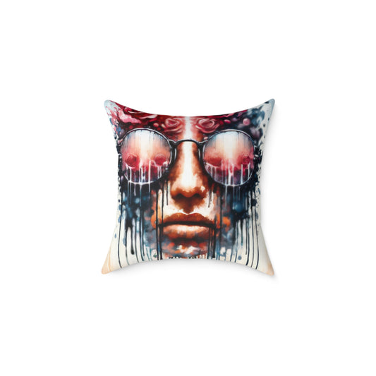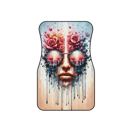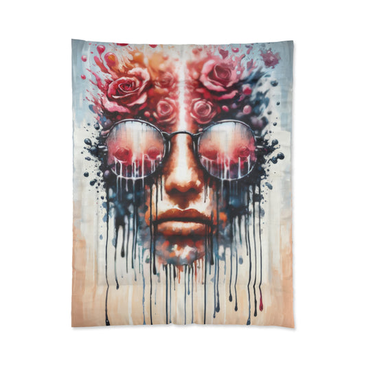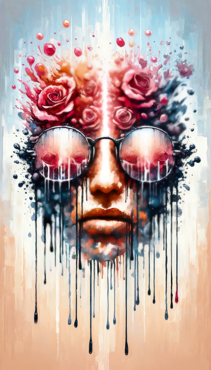 The artwork titled Perception Cleansing Tachism is a vertical image that resonates with vivid emotion and a profound message. The central subject is a portrait head-on, predominantly featuring a face that appears inwardly reflective. Across the forehead and the crown, an explosion of vibrant reds and softer pinks creates a dynamic and textured effect, reminiscent of blooming roses and scattered pearls, mingling in a dance of colors. Upon the subject s face are a pair of glasses, and notably, the lenses are awash with splashes of red, suggesting a symbolic act of cleaning or removing colored perceptions. The drips from the glasses create an evocative contrast with the intense hues above, flowing down in deep blues and blacks, drawing the eye to the allure and gravity of the cleansing process. The backdrop, a plain canvas of soft, creamy tones, serves as a calm counterbalance to the intense emotional spectacle at the forefront. It provides a stage where the spectacle of cleansing one s perception can fully unfold, stark in the contrast it offers to the visceral array of colors dripping from the glasses. The image, painted in the Tachism style, carries with it the raw and subjective expression of the artist s vision, emphasizing the idea that cleansing our lens of perception might offer a more genuine view of reality than the one distorted by rose-tinted glasses.
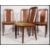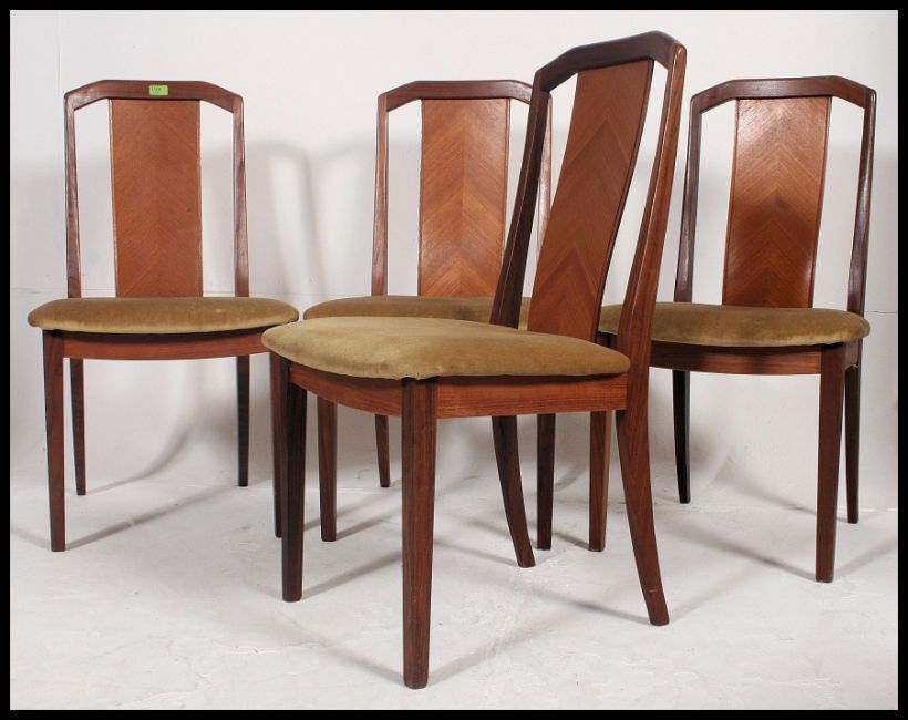 A set of 4 1970's retro teak and oak quarter veneer dining chairs. Raised on shaped legs with overstuffed seats having original fabric
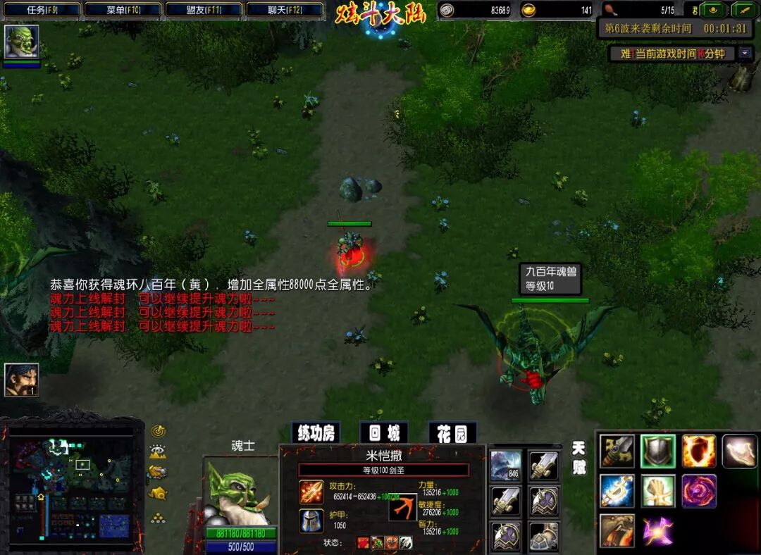 后续的流程都是提升装备,击杀魂兽,小鸡将装备提升至进阶LV4之后就前往挑战魂兽了,第二只魂兽选择的是一只“两千年魂兽”,第二只魂兽如果各位玩家是多人防守,有队友守家那么还是尽可能挑战高难度魂兽,后续都是一样的。

**Task to complete:** Set aside the pictures. Then return every line of the material above verbatim.

**Solution to this exercise:**
 The artwork titled Perception Cleansing Tachism is a vertical image that resonates with vivid emotion and a profound message. The central subject is a portrait head-on, predominantly featuring a face that appears inwardly reflective. Across the forehead and the crown, an explosion of vibrant reds and softer pinks creates a dynamic and textured effect, reminiscent of blooming roses and scattered pearls, mingling in a dance of colors. Upon the subject s face are a pair of glasses, and notably, the lenses are awash with splashes of red, suggesting a symbolic act of cleaning or removing colored perceptions. The drips from the glasses create an evocative contrast with the intense hues above, flowing down in deep blues and blacks, drawing the eye to the allure and gravity of the cleansing process. The backdrop, a plain canvas of soft, creamy tones, serves as a calm counterbalance to the intense emotional spectacle at the forefront. It provides a stage where the spectacle of cleansing one s perception can fully unfold, stark in the contrast it offers to the visceral array of colors dripping from the glasses. The image, painted in the Tachism style, carries with it the raw and subjective expression of the artist s vision, emphasizing the idea that cleansing our lens of perception might offer a more genuine view of reality than the one distorted by rose-tinted glasses.
 A set of 4 1970's retro teak and oak quarter veneer dining chairs. Raised on shaped legs with overstuffed seats having original fabric
 后续的流程都是提升装备,击杀魂兽,小鸡将装备提升至进阶LV4之后就前往挑战魂兽了,第二只魂兽选择的是一只“两千年魂兽”,第二只魂兽如果各位玩家是多人防守,有队友守家那么还是尽可能挑战高难度魂兽,后续都是一样的。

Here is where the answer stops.